Trains Keep A Rollin'

From his store in downtown Roseburg, and with the help of a local club of enthusiasts, Lachlan MacKinnon is introducing as many people as he can to the hobby of model railroading. 

Story by Josh Gaunt, Photos by Kevin Eckerman


The storefront on Southeast Cass Avenue in Roseburg has a small overhead sign that reads simply “Trains.”

Welcome to Mac’s Tracks, since 2007 the headquarters for model railroaders in the Umpqua Valley and beyond. Enter at the risk of reawakening your creativity, imagination and more than a little nostalgia.

Founded and run by Lachlan MacKinnon, Mac’s Tracks caters to everyone from the greenest gandy dancer to expert yardmasters — selling track, locomotives, rolling stock and accessories for all gauges of model trains.

MacKinnon is an authorized dealer for many manufacturers of train equipment, and if he doesn’t have an item in stock, he knows where to find it.

But MacKinnon isn’t only a merchant of model railroads. He’s also an ambassador for the hobby, which was once wildly popular in the U.S. but has become more of a niche pastime.

“I wanted to encourage people in the hobby of model railroading,” MacKinnon says.

Lachlan MacKinnon, owner of Mac's Tracks.

Lachlan MacKinnon, owner of Mac's Tracks.

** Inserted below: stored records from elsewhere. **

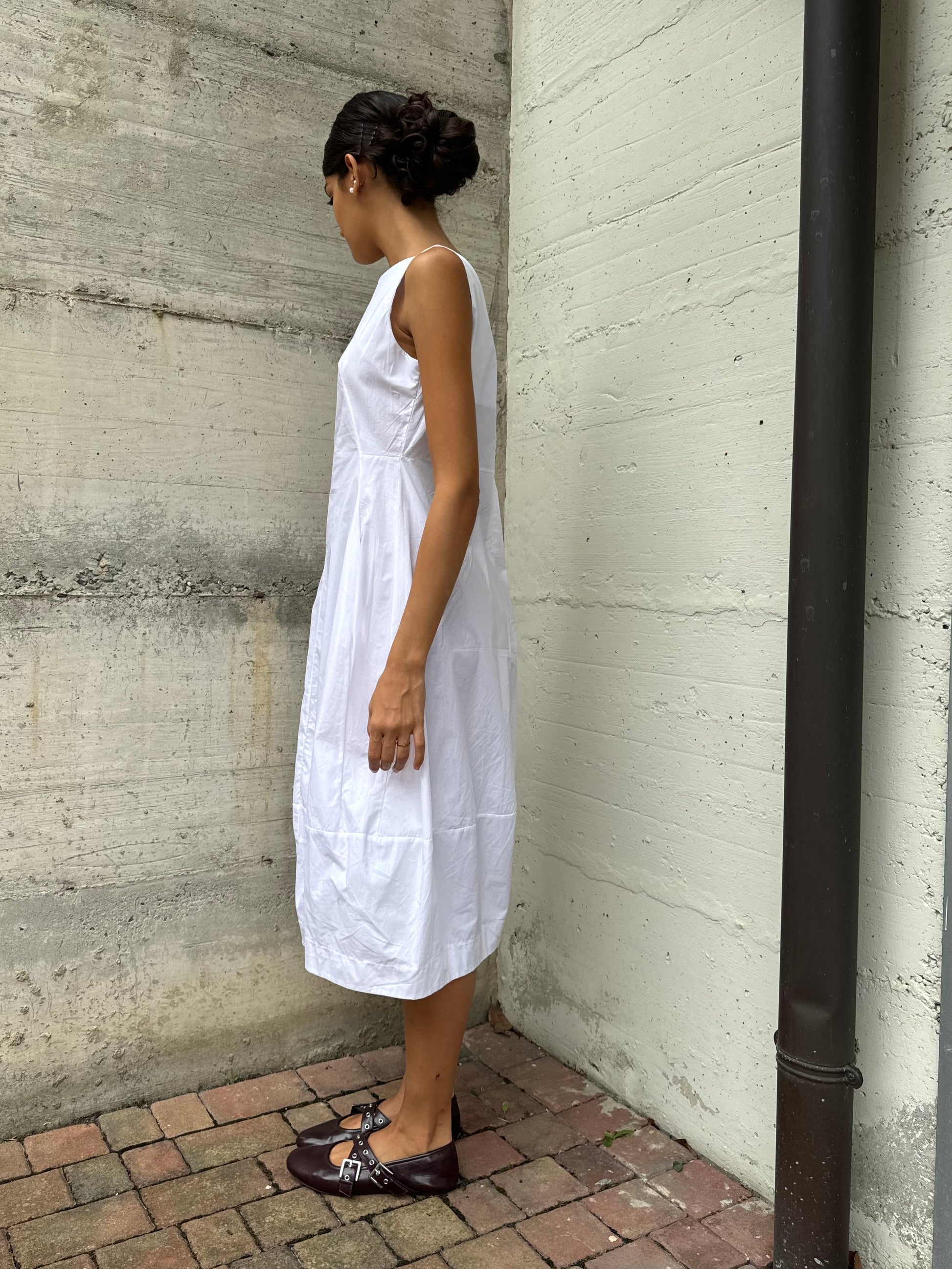 Abito midi con gonna a palloncino in 100% cotone, made in italy, taglia S
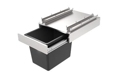 515х400х338мм, габариты рабочего объема урны 440х400х295мм, материал корпуса нерж. сталь AISI430 0,8мм. Материал емкости высокопрочный пластик. Емкость урны имеет крышку, которая плотно прилегает к корпусу благодаря боковым прижимам. Возможность крепления урны в любой части стола позволяет лучше оптимизировать рабочее место. Шариковые направляющие с доводчиком облегчают работу с урнной, делая её выдвижение плавным. Монтаж урны к подложке стола осуществляется шурупами, которые входят в комплект поставки урны. Объем емкости 25л. Вес 9,8кг. Урна подвесная выдвижная крепится вниз столешницы разделочного стола серии СЦ/СП/СПУ и служит для сбора мусора, образующегося в процессе работы персонала.
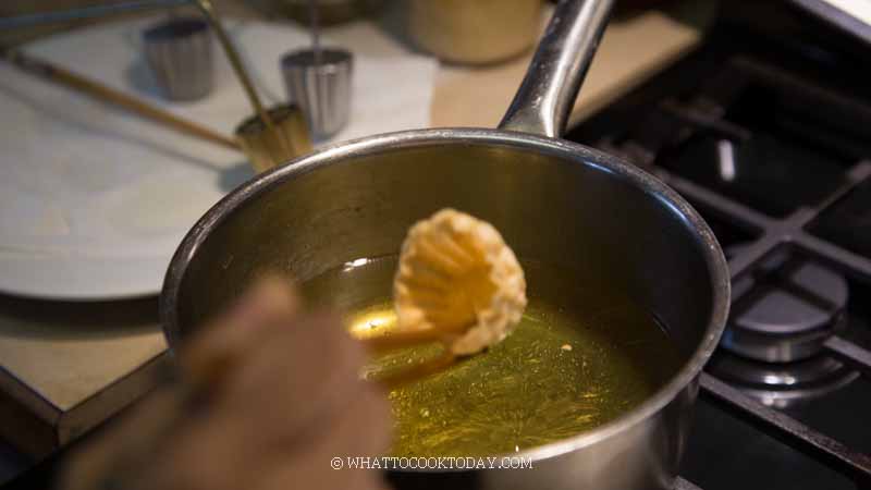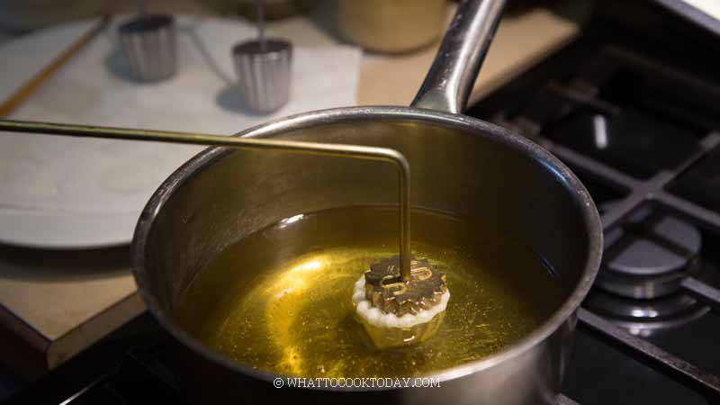 Preheat about 3 inches of oil. Dip the pie tee mould in the oil to preheat it. This step is to avoid the batter sticking to the mould while you fry later

A few blocks from his store, in the basement of a downtown Roseburg law office, is a miniature world of its own, the main layout of the Umpqua Valley Model Railroad Club — a breath-taking assembly of operational, scale-model freight yards, passenger depots, mountains, tunnels, bridges, trestles, crossing signals, buildings and cityscapes that evokes the days when the Southern Pacific regularly rumbled through Roseburg.

Elaborately wired and with computerized controls, the layout is a web of track loops, switches and grades — meticulously built to look like the real thing, right down to the weathered-looking paint on buildings and the ballast on the tracks.

Traversing through is the assembled trains of club members — freight and passenger lines.

“We play like we’re running a real railroad,” MacKinnon says.

Because many members of the club don’t have room for a layout in their homes, the office basement offers them the chance to work on their hobby and run their trains.

The Umpqua Valley club meets regularly, and members also take part in model railroad shows, demonstrating their hobby and encouraging others to take it up.


– Lachlan MacKinnon

A native of Alaska, MacKinnon got the train bug as a toddler playing with his older brothers’ trains at home. He got his own set at age 12 and joined a local model railroad club in Juneau.

But as he got older, he lost interest and put his trains in storage for more than three decades. His interest revived, however, when he decided he needed a respite from job-related stress. He rejoined the club and, in 1991, started selling model railroading gear out of his home.

A decade ago, when he moved to Roseburg for family reasons, he took the train business with him.

“I was totally surprised by how friendly people were here,” he says. “It was kind of a cultural shock.”

Mac 19.jpg

The business quickly outgrew MacKinnon’s home, so in 2008 he moved into the Cass Avenue location.

There, under that “Trains” sign, he promotes the hobby while selling all things model railroad-related — even Thomas the Tank Engine sets for younger engineers. Today, Mac’s Tracks carries the largest model-train inventory in Southern Oregon. Most of MacKinnon’s customers are new to the hobby. Some are over 60, but he has younger enthusiasts as well. All are encouraged to join the train club, whose members share their expertise and where beginners can learn layout skills from experienced hobbyists.

“The benefits of a hobby can teach your children creativity and help them learn to find enjoyment from playing on their own, instead of a computer,” MacKinnon says. “You can basically recreate the world that you live in, in miniature. Model railroading can be a hobby best enjoyed when the family and friends work together to build a layout and operate the trains.”